Odi was nothing more than a giant shaking mass of spiders. As Alice ran back and hooked her hand under Esther’s arm, she watched as the great wolf shook itself like it was just emerging from a lake. Spiders went flying into the darkness like so many drops of water. Alice could see that the spiders had been at work, both cutting and stabbing him, and entombing him in a cocoon of silk. Odi’s face clear, he lifted his head to the gray, similarly enwebbed sky, and let loose a howl.

The sound, and something more than sound, echoed past and around them, and Alice felt it slap against her like a wave of awe and fear. Her feet slipped from beneath her, and she dimly realized she was slumping to the ground. Esther, leaned back against her, and it was all Alice could do to keep her eyes open and watch as the spiders similarly followed suit. The strands of silk binding Odi to the path strained and, he shifted his weight, and then layer after layer began to snap and whip back from him.
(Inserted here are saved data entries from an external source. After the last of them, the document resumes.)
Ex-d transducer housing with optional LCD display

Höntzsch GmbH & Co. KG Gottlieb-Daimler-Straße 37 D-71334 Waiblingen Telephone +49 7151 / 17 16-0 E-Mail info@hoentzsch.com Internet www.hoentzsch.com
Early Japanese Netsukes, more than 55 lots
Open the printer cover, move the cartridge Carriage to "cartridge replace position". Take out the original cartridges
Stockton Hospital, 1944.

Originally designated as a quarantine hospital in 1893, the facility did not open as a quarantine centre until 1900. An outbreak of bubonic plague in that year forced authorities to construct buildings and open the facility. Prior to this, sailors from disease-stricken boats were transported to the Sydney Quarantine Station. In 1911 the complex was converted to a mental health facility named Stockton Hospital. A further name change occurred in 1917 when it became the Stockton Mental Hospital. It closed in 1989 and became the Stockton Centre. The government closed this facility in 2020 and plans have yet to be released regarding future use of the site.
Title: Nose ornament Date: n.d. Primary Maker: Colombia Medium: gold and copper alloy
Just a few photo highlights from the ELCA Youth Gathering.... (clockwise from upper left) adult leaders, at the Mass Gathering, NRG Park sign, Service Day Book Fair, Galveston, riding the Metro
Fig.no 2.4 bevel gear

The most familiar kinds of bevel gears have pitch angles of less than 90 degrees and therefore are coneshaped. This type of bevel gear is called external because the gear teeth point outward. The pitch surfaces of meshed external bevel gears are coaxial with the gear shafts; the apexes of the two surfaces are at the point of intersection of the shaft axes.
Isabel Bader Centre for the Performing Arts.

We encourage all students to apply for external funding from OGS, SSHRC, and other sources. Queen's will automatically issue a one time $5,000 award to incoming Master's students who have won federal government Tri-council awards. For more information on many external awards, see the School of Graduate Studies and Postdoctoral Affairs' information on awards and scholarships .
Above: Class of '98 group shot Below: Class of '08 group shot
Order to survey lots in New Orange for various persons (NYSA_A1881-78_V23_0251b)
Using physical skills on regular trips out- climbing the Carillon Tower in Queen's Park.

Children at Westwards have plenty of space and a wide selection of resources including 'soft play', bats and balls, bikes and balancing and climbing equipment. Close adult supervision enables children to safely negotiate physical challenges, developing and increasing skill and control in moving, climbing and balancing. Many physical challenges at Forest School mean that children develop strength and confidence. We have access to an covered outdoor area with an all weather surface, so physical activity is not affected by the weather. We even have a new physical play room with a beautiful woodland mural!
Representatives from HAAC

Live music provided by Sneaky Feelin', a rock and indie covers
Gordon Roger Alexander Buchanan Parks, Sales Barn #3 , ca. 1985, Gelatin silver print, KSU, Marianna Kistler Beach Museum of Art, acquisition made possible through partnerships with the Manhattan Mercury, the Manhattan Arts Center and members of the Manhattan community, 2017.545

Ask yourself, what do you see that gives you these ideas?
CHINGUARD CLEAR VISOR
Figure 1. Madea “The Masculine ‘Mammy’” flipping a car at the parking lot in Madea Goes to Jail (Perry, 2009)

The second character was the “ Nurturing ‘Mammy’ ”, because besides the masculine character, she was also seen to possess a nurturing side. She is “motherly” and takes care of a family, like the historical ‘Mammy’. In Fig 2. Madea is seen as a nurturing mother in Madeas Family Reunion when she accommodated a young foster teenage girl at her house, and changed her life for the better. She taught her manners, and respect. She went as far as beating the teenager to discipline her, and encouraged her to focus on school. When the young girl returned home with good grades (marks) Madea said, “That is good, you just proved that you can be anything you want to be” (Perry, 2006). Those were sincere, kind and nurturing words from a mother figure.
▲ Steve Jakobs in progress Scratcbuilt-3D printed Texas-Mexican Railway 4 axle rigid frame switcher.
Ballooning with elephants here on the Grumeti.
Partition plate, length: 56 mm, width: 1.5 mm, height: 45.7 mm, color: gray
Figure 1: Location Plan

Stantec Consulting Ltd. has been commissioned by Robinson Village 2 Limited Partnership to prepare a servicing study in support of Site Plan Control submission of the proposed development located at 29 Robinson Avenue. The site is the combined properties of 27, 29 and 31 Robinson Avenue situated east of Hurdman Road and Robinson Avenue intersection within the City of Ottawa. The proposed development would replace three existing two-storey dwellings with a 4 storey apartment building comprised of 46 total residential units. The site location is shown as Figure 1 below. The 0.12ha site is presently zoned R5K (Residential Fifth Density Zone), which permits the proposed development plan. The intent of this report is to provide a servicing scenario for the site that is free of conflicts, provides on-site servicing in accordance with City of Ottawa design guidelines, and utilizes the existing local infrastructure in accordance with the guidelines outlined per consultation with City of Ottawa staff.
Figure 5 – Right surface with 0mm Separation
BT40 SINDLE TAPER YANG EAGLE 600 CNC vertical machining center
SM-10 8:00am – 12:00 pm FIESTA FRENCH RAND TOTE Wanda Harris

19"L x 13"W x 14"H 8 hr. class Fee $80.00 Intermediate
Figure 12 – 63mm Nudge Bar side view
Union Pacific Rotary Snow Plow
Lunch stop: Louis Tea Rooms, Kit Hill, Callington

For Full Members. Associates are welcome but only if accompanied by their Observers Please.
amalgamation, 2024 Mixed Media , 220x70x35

The wolf stood once again, and breaking free, his gray fur a muddy red with blood, and his entire face dripping with black gore.

The break in the fight lasted only seconds, but it was long enough fro the wolf to shuffle sideways, knocking a host of the spiders off the ledge. Odi made eye contact with Alice again, and she had the clear image of a staircase down into the walls, like the ones she had seen as they walked, and somehow knew without a doubt that it was not a hundred yards ahead of where they were. The great wolf’s non-voice hit her with the force of a wave breaking over her and shattering her temporary torpor with a single word. “Go.”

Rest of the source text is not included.